--- Extracted records Enclosed Below ---
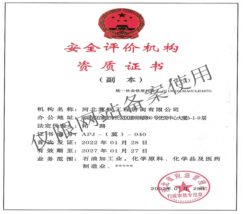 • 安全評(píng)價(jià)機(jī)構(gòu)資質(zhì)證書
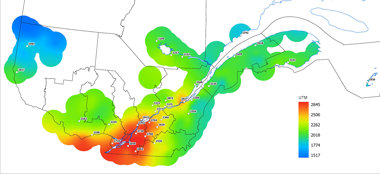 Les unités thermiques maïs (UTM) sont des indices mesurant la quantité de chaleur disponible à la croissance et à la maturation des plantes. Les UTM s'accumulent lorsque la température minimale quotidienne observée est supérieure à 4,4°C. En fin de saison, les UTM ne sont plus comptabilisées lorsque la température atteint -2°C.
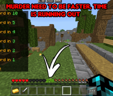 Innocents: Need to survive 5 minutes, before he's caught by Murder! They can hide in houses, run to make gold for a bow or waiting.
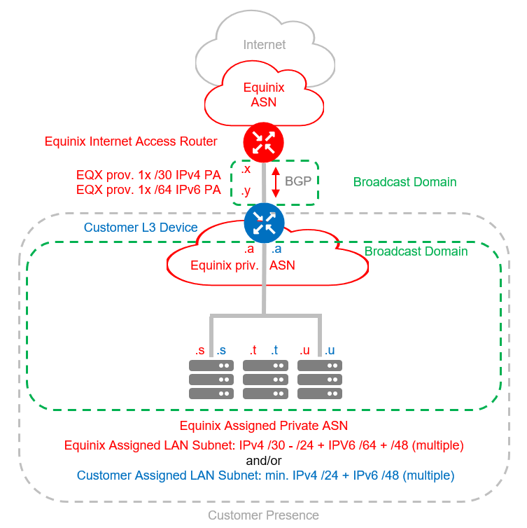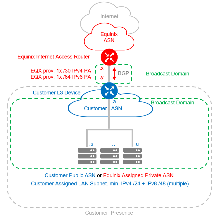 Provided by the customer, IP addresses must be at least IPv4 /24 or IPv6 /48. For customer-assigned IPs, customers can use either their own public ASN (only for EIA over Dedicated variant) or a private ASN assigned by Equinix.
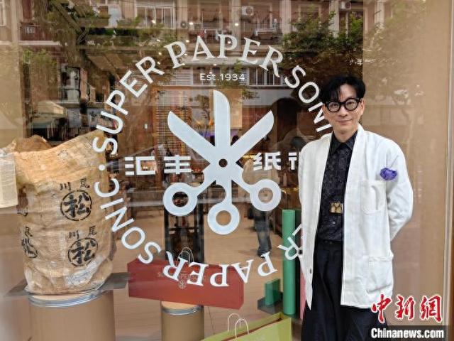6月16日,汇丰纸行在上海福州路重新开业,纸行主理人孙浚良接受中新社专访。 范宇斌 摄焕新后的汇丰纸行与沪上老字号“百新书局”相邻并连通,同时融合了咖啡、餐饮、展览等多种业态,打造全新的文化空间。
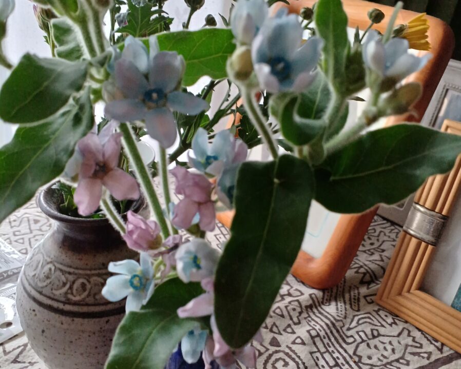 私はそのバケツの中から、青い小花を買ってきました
--- End of Enclosed Extracted records ---
Exercise directions
With the pictures removed, return all the entries exactly.

Output for this exercise
 • 安全評(píng)價(jià)機(jī)構(gòu)資質(zhì)證書
 Les unités thermiques maïs (UTM) sont des indices mesurant la quantité de chaleur disponible à la croissance et à la maturation des plantes. Les UTM s'accumulent lorsque la température minimale quotidienne observée est supérieure à 4,4°C. En fin de saison, les UTM ne sont plus comptabilisées lorsque la température atteint -2°C.
 Innocents: Need to survive 5 minutes, before he's caught by Murder! They can hide in houses, run to make gold for a bow or waiting.
 Provided by the customer, IP addresses must be at least IPv4 /24 or IPv6 /48. For customer-assigned IPs, customers can use either their own public ASN (only for EIA over Dedicated variant) or a private ASN assigned by Equinix.
6月16日,汇丰纸行在上海福州路重新开业,纸行主理人孙浚良接受中新社专访。 范宇斌 摄焕新后的汇丰纸行与沪上老字号“百新书局”相邻并连通,同时融合了咖啡、餐饮、展览等多种业态,打造全新的文化空间。
 私はそのバケツの中から、青い小花を買ってきました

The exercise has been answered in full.